Data records:

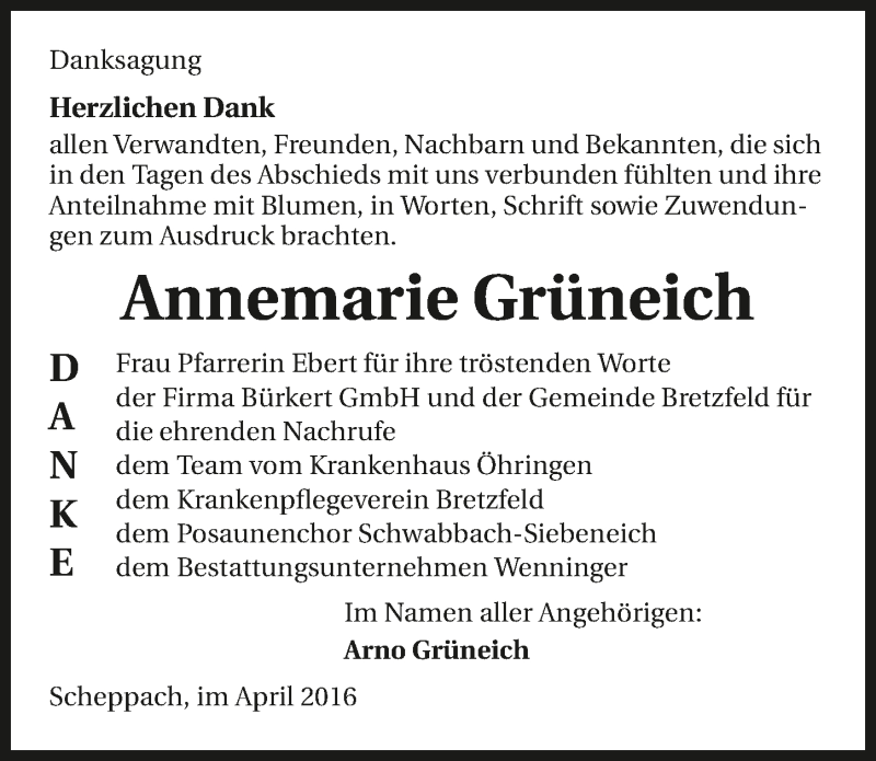 Hier finden Sie alle Traueranzeigen aus der Zeitung, die bisher für Annemarie Grüneich erschienen sind. Weitere Traueranzeigen, die in der Zeitung erscheinen, werden hier ebenfalls aufgelistet
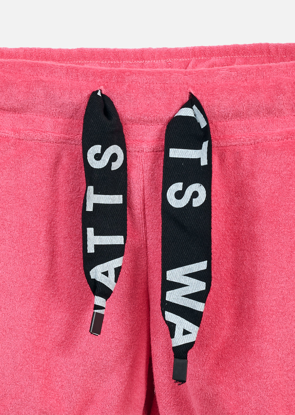 Sa taille élastique épouse naturellement la silhouette et se règle grâce à son lien personnalisé WATTS, véritable détail signature. Les poches latérales intégrées conservent une ligne fluide, tandis que la poche plaquée au dos côté gauche ajoute une fonctionnalité discrète.
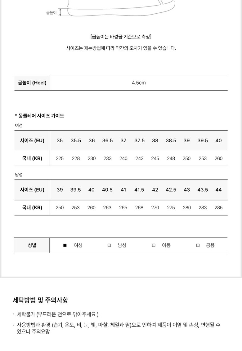 3. 치수 | EU34(210-215),EU34.5(215-220),EU35(220-225),EU35.5(225-230),EU36(230-235),EU36.5(235-240),EU37(240-245),EU37.5(245-250),EU38(250-255),EU38.5(255-260),EU39(260-265),EU39.5(265-270),EU40(270-275),EU40.5(275-280) |
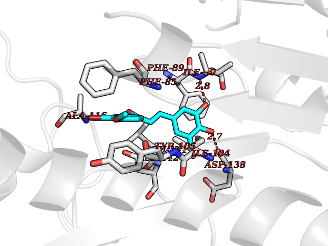 Target general information Gen name PNP Organism Homo sapiens (Human) Uniprot ID TTD ID Synonyms PNP; Inosine phosphorylase Protein family PNP/MTAP phosphorylase family Biochemical class Pentosyltransferase Function The purine nucleoside phosphorylases catalyze the phosphorolytic breakdown of the N-glycosidic bond in the beta- (deoxy)ribonucleoside molecules, with the formation of the corresponding free purine bases and pentose-1-phosphate. Related diseases Purine nucleoside phosphorylase deficiency (PNPD) [MIM:613179]: A disorder that interrupts both the catabolism of inosine into hypoxanthine and guanosine into guanine, and leads to the accumulation of guanosine, inosine, and their deoxified by-products. The main clinical presentation is recurrent infections due to severe T-cell immunodeficiency. Some patients also have neurologic impairment. {ECO:0000269|PubMed:1384322, ECO:0000269|PubMed:3029074, ECO:0000269|PubMed:8931706}. The disease is caused by variants affecting the gene represented in this entry. Drugs (DrugBank ID) DB03881; DB03551; DB02222; DB02391; DB03609; DB01667; DB04260; DB02796; DB04753; DB00640; DB00242; DB00900; DB06185; DB02377; DB02857; DB04754; DB04757; DB04076; DB02230; DB04335; DB02568; DB03101 Interacts with P05067; Q9UQM7; O14576-2; P06241; P14136; Q92993-2; Q9BXM7; P00491; P17612; P63000; Q92673; Q15583 EC number EC 2.4.2.1 Uniprot keywords 3D-structure; Acetylation; Cytoplasm; Direct protein sequencing; Disease variant; Glycosyltransferase; Phosphoprotein; Proteomics identification; Purine salvage; Reference proteome; Transferase Protein physicochemical properties Chain ID A,B,C Molecular weight (Da) 31849.2 Length 288 Aromaticity 0.1 Instability index 34.77 Isoelectric point 6.42 Charge (pH=7) -1.63 3D Binding mode Sequence GYTYEDYKNTAEYLLSHTKHRPQVAIICGSGLGGLTDKLTQAQIFDYSEIPNFPRSTVPGHAGRLVFGFLNGRACVMMQGRFHMYEGYPLYKVTFPVRVFHLLGVDTLVVTNAAGGLNPKFEVGDIMLIRDHINLPGFSGQNPLRGPNDERFGDRFPAMSDAYDRTMRQRALSTYKQMGEQRELQEGTYVMVAGPSFETVAECRVLQKLGADAVGMSTVPEVIVARHCGLRVFGFSLITNKVIMDYESLEKANXEEVLAAGKQAAQKLEQFVSILMASIDRFPAMSDA Hydrogen bonds contact Hydrophobic contact | ||||
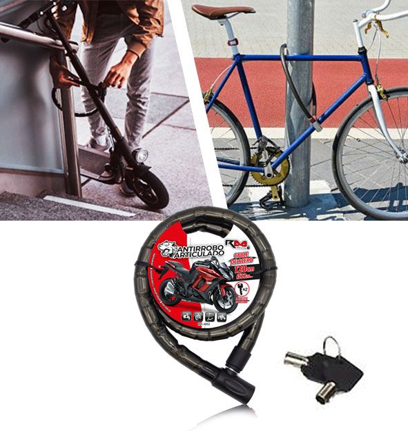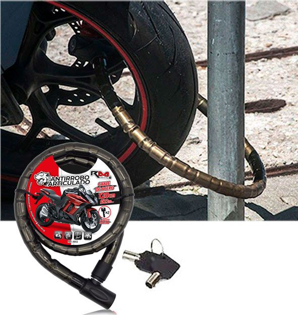 8424099060523Cable de acero 120cm, diámetro 22mm incluye 2 llaves tubularesRecomendaciones:- Recuerde quitar el antirrobo antes de arrancar- Lubrique regularmente el sistema de cerraduraApto para motocicletas, bicicletas, patinetes y quads
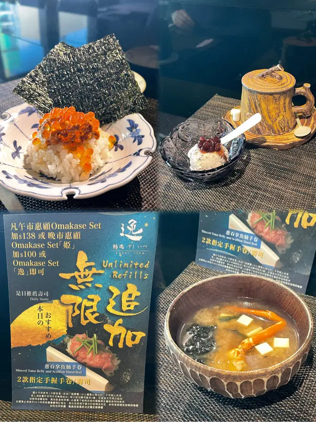 鮨逸 (銅鑼灣) 網上訂座享低至85折優惠兼賺Rice Dollars 網址: https://s.openrice.com/QrbS06eWA00 地址: 香港銅鑼灣駱克道487-489號駱克駅27樓 電話: +852 55480561
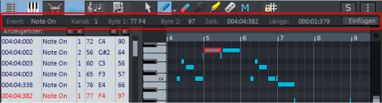 Einfügen: Fügt ein MIDI-Event mit den in den Bearbeitungsfeldern festgelegten Eigenschaften ein. Normale MIDI Events wie Noten oder CC-Events lassen sich leichter direkt im Editor erzeugen, Sie benötigen diese Schaltfläche nur für die Erzeugung von speziellen MIDI-Events (siehe unten).
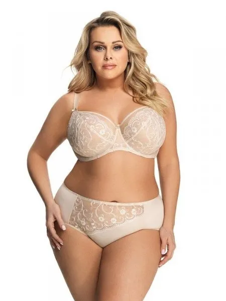 Figi o kroju typu brazyliany z delikatnej siateczki zdobionej efektownym haftem – biodra i tył z gładkiej mikrofibry.Skład: 91% poliamid, 5% bawełna, 4% elastan…
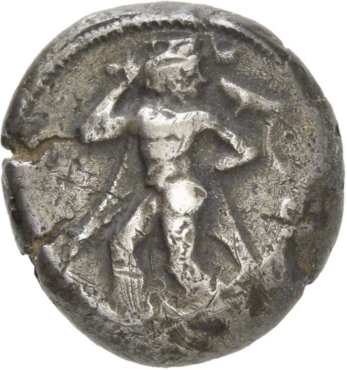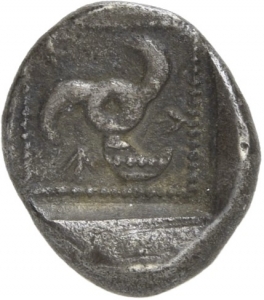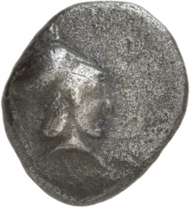 𐊓𐊗𐊗𐊀𐊕𐊀 𐊇𐊜𐊖𐊖𐊁𐊓𐊅𐊅𐊆𐊎𐊆; 𐊓𐊗𐊗𐊀𐊕𐊀 𐊒𐊜𐊖𐊖𐊁𐊓𐊅𐊅𐊆𐊎𐊆; 𐊒𐊜𐊖𐊖𐊁𐊓𐊅𐊅𐊆𐊎𐊆: Tête d'Hermès, coiffée d'un pétase ailé (chapeau rond à larges bords), dans un grènetis circulaire
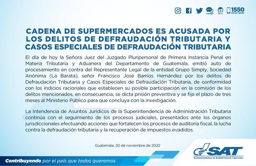 El Juzgado Pluripersonal de Primera Instancia Penal en Materia Tributaria y Aduanera del Departamento de Guatemala emitió el auto de procesamiento en contra de Barrios quien es el representante legal del Grupo Simply, Sociedad Anónima, cuyo nombre comercial es La Barata.
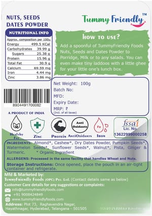 TummyFriendly Foods Premium Nuts, Seeds and Dates Powder | Dry Fruits Powder Baby (100g each pack)
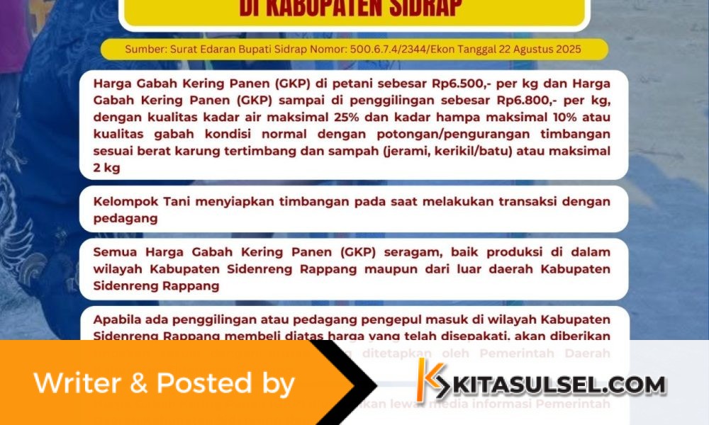 Kitasulsel–SIDRAP Pemerintah Kabupaten Sidenreng Rappang (Sidrap) Provinsi Sulawesi Selatan telah mengeluarkan surat edaran terkait kesepakatan harga gabah untuk wilayahnya. Surat edaran dengan Nomor 500.6.7.4/2344/Ekon ini ditandatangani...
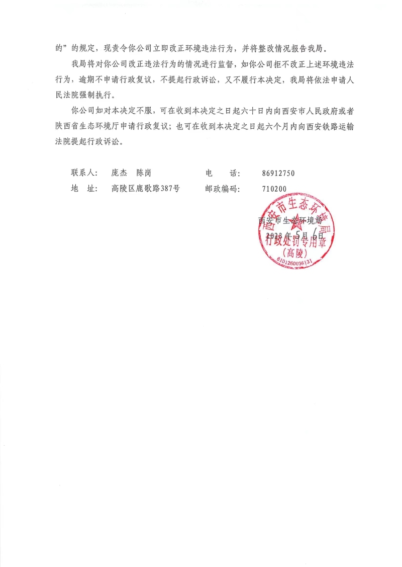 西安市生態環境局責令改正違法行為決定書陜A高陵環違改〔2023〕C-7號
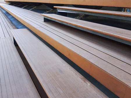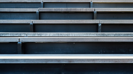 Perspective View of Wooden Plank Seats and Stairs at Stadium
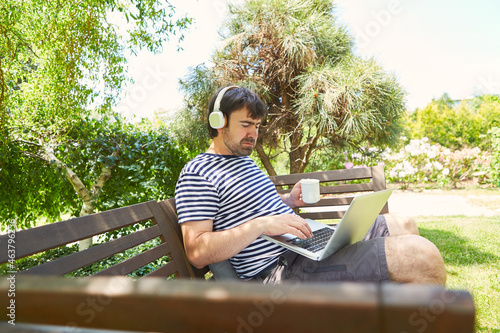 Mann arbeitet am Laptop im Sommer Urlaub am See
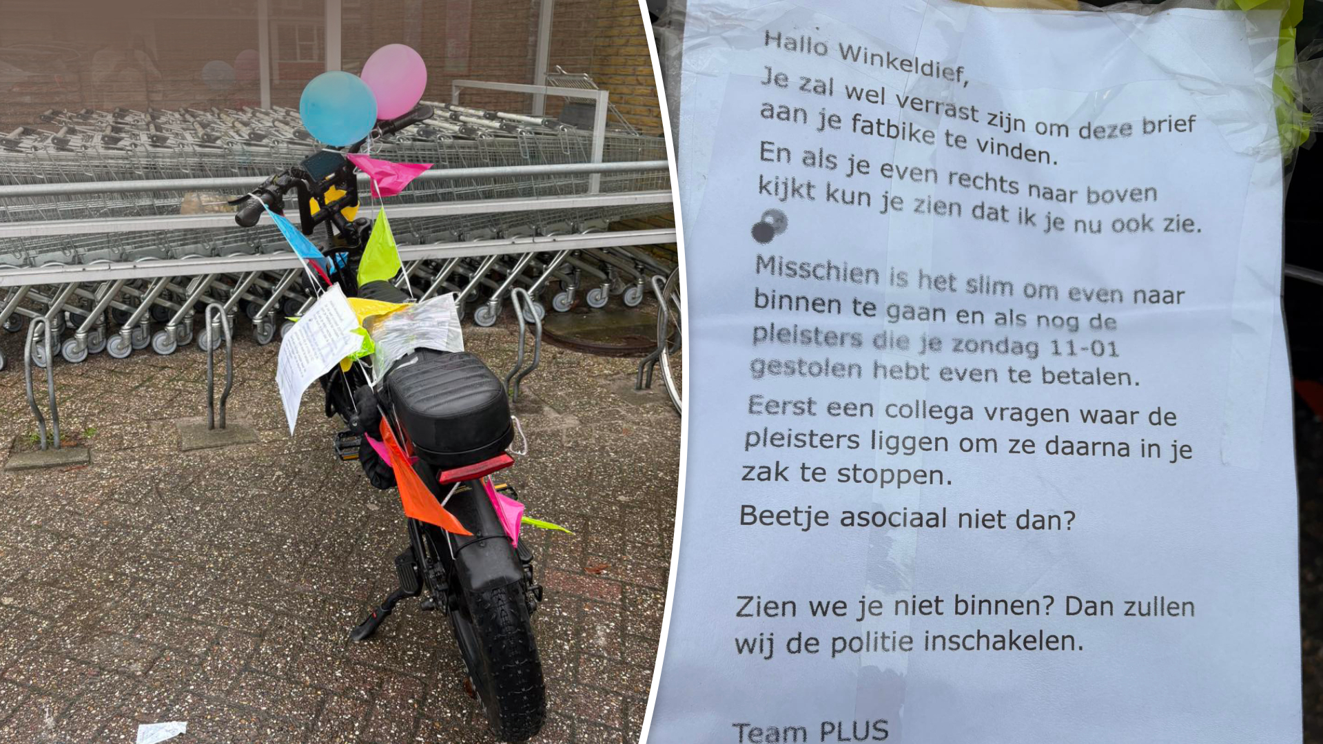 De volgende dag staat de elektrische fiets nog altijd bij PLUS Wemekamp. Een ideale kans om op die manier de dief te confronteren, zo denkt de onderneemster. "Het is een dure fiets, die laat je niet staan." Medewerkers van de supermarkt versieren de fatbike met vlaggetjes en ballonnen, inclusief foto's van de dief en een verzoekje aan de man.
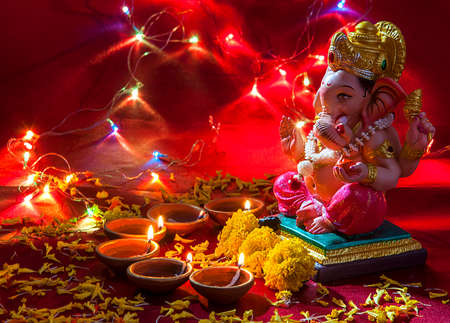 Clay diya lamps lit with Lord Ganesha during Diwali Celebration. Greetings Card Design Indian Hindu Light Festival called Diwali
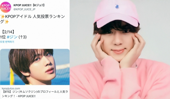 일본에서 고유한 맑은 미성으로 '크리스탈 보이스'라고 불리며 큰 사랑을 받고 있는 글로벌 슈퍼스타 진은 일본 '케이팝 주스' (KPOP JUICE)' 아이돌 인기랭킹 데일리 투표 1위에 오르는 등 극강의 인기를 빛냈다.
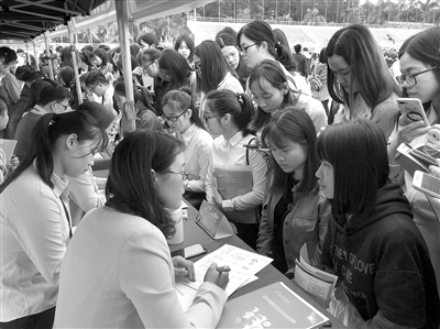 当天一大早,前来求职的毕业生便有序地排起了长队,等待进场。除了岭南师范学院本校的毕业生,还有不少从珠三角甚至外省等地专程赶来应聘的毕业生。在肇庆学院就读的大四毕业生小梁,昨日特意从肇庆赶回湛江,希望在家乡找到一份满意的工作。她一连向湛江本地的中小学校投出了多份简历,“我是湛江人,虽然知道在珠三角当老师工资比较高,但还是希望能够回到家乡工作,离家人更近,能为家乡的教育尽自己的一份力量,这也是我当初选择师范类专业的原因。”
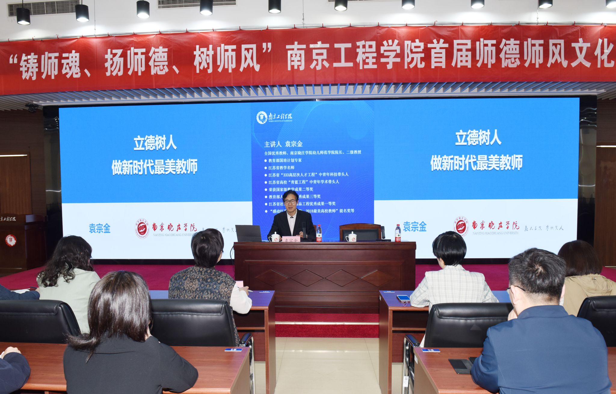4月16日下午,我校师德师风专题讲座在至勤楼·行政中心二楼多功能厅举行,全国优秀教师、南京晓庄学院幼儿师范学院院长袁宗金教授应邀作专题报告。党委常委、人事处处长张焱主持报告会,各二级基层党组织负责人、教育教学单位教师代表等150余人参加活动。此次活动也是我校首届“师德师风文化月”系列活动的重要组成部分,旨在通过专家讲授、示范引领,营造见贤思齐、崇德尚教的校园文化生态。
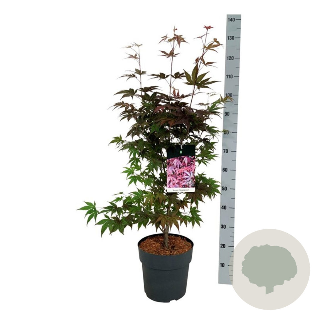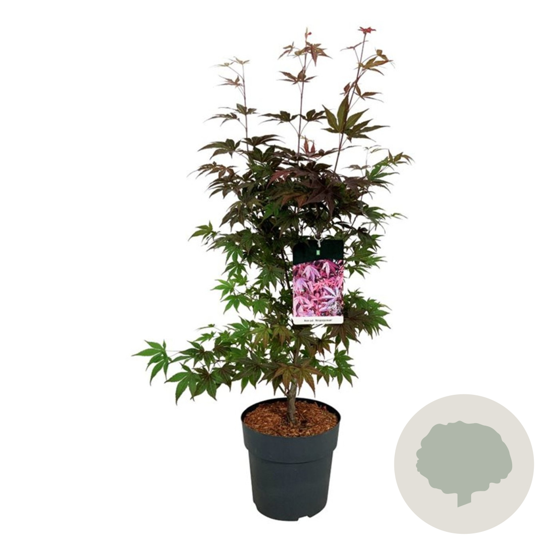 | Toelichting | De Rode esdoorn (Acer pal. 'Atropurpureum') is een prachtige boom met donkerrood blad en geelgroene bloemen in april - mei. Deze boom gedijt goed in zon en halfschaduw op zandgrond, lichte klei of neutrale grond. Bereikt een hoogte van 600 cm. |

◆ Task directions
Write out each entry above once more, exactly as written, and drop the pictures.

◆ Response area
 Hier finden Sie alle Traueranzeigen aus der Zeitung, die bisher für Annemarie Grüneich erschienen sind. Weitere Traueranzeigen, die in der Zeitung erscheinen, werden hier ebenfalls aufgelistet
 Sa taille élastique épouse naturellement la silhouette et se règle grâce à son lien personnalisé WATTS, véritable détail signature. Les poches latérales intégrées conservent une ligne fluide, tandis que la poche plaquée au dos côté gauche ajoute une fonctionnalité discrète.
 3. 치수 | EU34(210-215),EU34.5(215-220),EU35(220-225),EU35.5(225-230),EU36(230-235),EU36.5(235-240),EU37(240-245),EU37.5(245-250),EU38(250-255),EU38.5(255-260),EU39(260-265),EU39.5(265-270),EU40(270-275),EU40.5(275-280) |
 Target general information Gen name PNP Organism Homo sapiens (Human) Uniprot ID TTD ID Synonyms PNP; Inosine phosphorylase Protein family PNP/MTAP phosphorylase family Biochemical class Pentosyltransferase Function The purine nucleoside phosphorylases catalyze the phosphorolytic breakdown of the N-glycosidic bond in the beta- (deoxy)ribonucleoside molecules, with the formation of the corresponding free purine bases and pentose-1-phosphate. Related diseases Purine nucleoside phosphorylase deficiency (PNPD) [MIM:613179]: A disorder that interrupts both the catabolism of inosine into hypoxanthine and guanosine into guanine, and leads to the accumulation of guanosine, inosine, and their deoxified by-products. The main clinical presentation is recurrent infections due to severe T-cell immunodeficiency. Some patients also have neurologic impairment. {ECO:0000269|PubMed:1384322, ECO:0000269|PubMed:3029074, ECO:0000269|PubMed:8931706}. The disease is caused by variants affecting the gene represented in this entry. Drugs (DrugBank ID) DB03881; DB03551; DB02222; DB02391; DB03609; DB01667; DB04260; DB02796; DB04753; DB00640; DB00242; DB00900; DB06185; DB02377; DB02857; DB04754; DB04757; DB04076; DB02230; DB04335; DB02568; DB03101 Interacts with P05067; Q9UQM7; O14576-2; P06241; P14136; Q92993-2; Q9BXM7; P00491; P17612; P63000; Q92673; Q15583 EC number EC 2.4.2.1 Uniprot keywords 3D-structure; Acetylation; Cytoplasm; Direct protein sequencing; Disease variant; Glycosyltransferase; Phosphoprotein; Proteomics identification; Purine salvage; Reference proteome; Transferase Protein physicochemical properties Chain ID A,B,C Molecular weight (Da) 31849.2 Length 288 Aromaticity 0.1 Instability index 34.77 Isoelectric point 6.42 Charge (pH=7) -1.63 3D Binding mode Sequence GYTYEDYKNTAEYLLSHTKHRPQVAIICGSGLGGLTDKLTQAQIFDYSEIPNFPRSTVPGHAGRLVFGFLNGRACVMMQGRFHMYEGYPLYKVTFPVRVFHLLGVDTLVVTNAAGGLNPKFEVGDIMLIRDHINLPGFSGQNPLRGPNDERFGDRFPAMSDAYDRTMRQRALSTYKQMGEQRELQEGTYVMVAGPSFETVAECRVLQKLGADAVGMSTVPEVIVARHCGLRVFGFSLITNKVIMDYESLEKANXEEVLAAGKQAAQKLEQFVSILMASIDRFPAMSDA Hydrogen bonds contact Hydrophobic contact | ||||
 8424099060523Cable de acero 120cm, diámetro 22mm incluye 2 llaves tubularesRecomendaciones:- Recuerde quitar el antirrobo antes de arrancar- Lubrique regularmente el sistema de cerraduraApto para motocicletas, bicicletas, patinetes y quads
 鮨逸 (銅鑼灣) 網上訂座享低至85折優惠兼賺Rice Dollars 網址: https://s.openrice.com/QrbS06eWA00 地址: 香港銅鑼灣駱克道487-489號駱克駅27樓 電話: +852 55480561
 Einfügen: Fügt ein MIDI-Event mit den in den Bearbeitungsfeldern festgelegten Eigenschaften ein. Normale MIDI Events wie Noten oder CC-Events lassen sich leichter direkt im Editor erzeugen, Sie benötigen diese Schaltfläche nur für die Erzeugung von speziellen MIDI-Events (siehe unten).
 Figi o kroju typu brazyliany z delikatnej siateczki zdobionej efektownym haftem – biodra i tył z gładkiej mikrofibry.Skład: 91% poliamid, 5% bawełna, 4% elastan…
 𐊓𐊗𐊗𐊀𐊕𐊀 𐊇𐊜𐊖𐊖𐊁𐊓𐊅𐊅𐊆𐊎𐊆; 𐊓𐊗𐊗𐊀𐊕𐊀 𐊒𐊜𐊖𐊖𐊁𐊓𐊅𐊅𐊆𐊎𐊆; 𐊒𐊜𐊖𐊖𐊁𐊓𐊅𐊅𐊆𐊎𐊆: Tête d'Hermès, coiffée d'un pétase ailé (chapeau rond à larges bords), dans un grènetis circulaire
 El Juzgado Pluripersonal de Primera Instancia Penal en Materia Tributaria y Aduanera del Departamento de Guatemala emitió el auto de procesamiento en contra de Barrios quien es el representante legal del Grupo Simply, Sociedad Anónima, cuyo nombre comercial es La Barata.
 TummyFriendly Foods Premium Nuts, Seeds and Dates Powder | Dry Fruits Powder Baby (100g each pack)
 Kitasulsel–SIDRAP Pemerintah Kabupaten Sidenreng Rappang (Sidrap) Provinsi Sulawesi Selatan telah mengeluarkan surat edaran terkait kesepakatan harga gabah untuk wilayahnya. Surat edaran dengan Nomor 500.6.7.4/2344/Ekon ini ditandatangani...
 西安市生態環境局責令改正違法行為決定書陜A高陵環違改〔2023〕C-7號
 Perspective View of Wooden Plank Seats and Stairs at Stadium
 Mann arbeitet am Laptop im Sommer Urlaub am See
 De volgende dag staat de elektrische fiets nog altijd bij PLUS Wemekamp. Een ideale kans om op die manier de dief te confronteren, zo denkt de onderneemster. "Het is een dure fiets, die laat je niet staan." Medewerkers van de supermarkt versieren de fatbike met vlaggetjes en ballonnen, inclusief foto's van de dief en een verzoekje aan de man.
 Clay diya lamps lit with Lord Ganesha during Diwali Celebration. Greetings Card Design Indian Hindu Light Festival called Diwali
 일본에서 고유한 맑은 미성으로 '크리스탈 보이스'라고 불리며 큰 사랑을 받고 있는 글로벌 슈퍼스타 진은 일본 '케이팝 주스' (KPOP JUICE)' 아이돌 인기랭킹 데일리 투표 1위에 오르는 등 극강의 인기를 빛냈다.
 当天一大早,前来求职的毕业生便有序地排起了长队,等待进场。除了岭南师范学院本校的毕业生,还有不少从珠三角甚至外省等地专程赶来应聘的毕业生。在肇庆学院就读的大四毕业生小梁,昨日特意从肇庆赶回湛江,希望在家乡找到一份满意的工作。她一连向湛江本地的中小学校投出了多份简历,“我是湛江人,虽然知道在珠三角当老师工资比较高,但还是希望能够回到家乡工作,离家人更近,能为家乡的教育尽自己的一份力量,这也是我当初选择师范类专业的原因。”
4月16日下午,我校师德师风专题讲座在至勤楼·行政中心二楼多功能厅举行,全国优秀教师、南京晓庄学院幼儿师范学院院长袁宗金教授应邀作专题报告。党委常委、人事处处长张焱主持报告会,各二级基层党组织负责人、教育教学单位教师代表等150余人参加活动。此次活动也是我校首届“师德师风文化月”系列活动的重要组成部分,旨在通过专家讲授、示范引领,营造见贤思齐、崇德尚教的校园文化生态。
 | Toelichting | De Rode esdoorn (Acer pal. 'Atropurpureum') is een prachtige boom met donkerrood blad en geelgroene bloemen in april - mei. Deze boom gedijt goed in zon en halfschaduw op zandgrond, lichte klei of neutrale grond. Bereikt een hoogte van 600 cm. |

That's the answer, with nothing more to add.